The answer should hold only the lines from the beginning of the listing below to the line containing "上午八點,開盤儀式正式啟動,舞獅、軍樂隊", both included, with every picture left out.

*** Records for this task ***

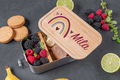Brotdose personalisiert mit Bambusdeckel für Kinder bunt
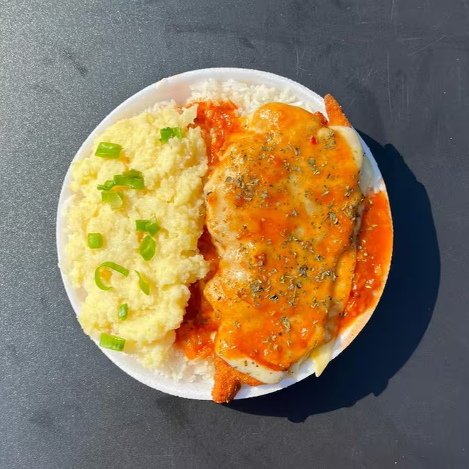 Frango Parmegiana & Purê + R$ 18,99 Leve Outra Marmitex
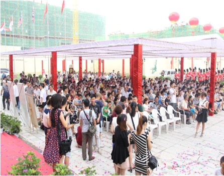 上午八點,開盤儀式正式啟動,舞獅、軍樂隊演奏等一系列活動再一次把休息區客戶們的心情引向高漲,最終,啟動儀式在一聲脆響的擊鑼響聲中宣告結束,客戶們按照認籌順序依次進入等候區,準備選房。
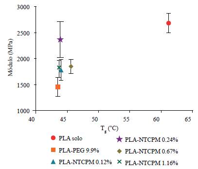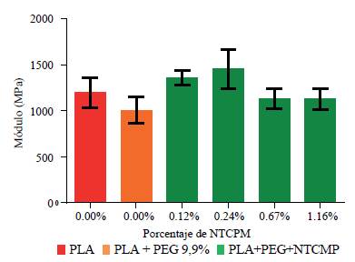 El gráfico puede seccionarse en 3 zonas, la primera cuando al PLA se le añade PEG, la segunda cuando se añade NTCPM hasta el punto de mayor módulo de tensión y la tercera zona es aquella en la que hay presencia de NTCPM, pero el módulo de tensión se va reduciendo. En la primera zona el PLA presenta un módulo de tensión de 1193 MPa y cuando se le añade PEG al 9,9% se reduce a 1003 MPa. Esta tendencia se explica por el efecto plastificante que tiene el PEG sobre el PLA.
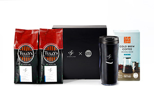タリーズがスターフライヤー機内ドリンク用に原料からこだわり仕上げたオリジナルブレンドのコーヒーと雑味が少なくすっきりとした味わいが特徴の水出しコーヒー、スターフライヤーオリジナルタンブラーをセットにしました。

*** End of Records for this task ***

Task response ->
Brotdose personalisiert mit Bambusdeckel für Kinder bunt
 Frango Parmegiana & Purê + R$ 18,99 Leve Outra Marmitex
 上午八點,開盤儀式正式啟動,舞獅、軍樂隊演奏等一系列活動再一次把休息區客戶們的心情引向高漲,最終,啟動儀式在一聲脆響的擊鑼響聲中宣告結束,客戶們按照認籌順序依次進入等候區,準備選房。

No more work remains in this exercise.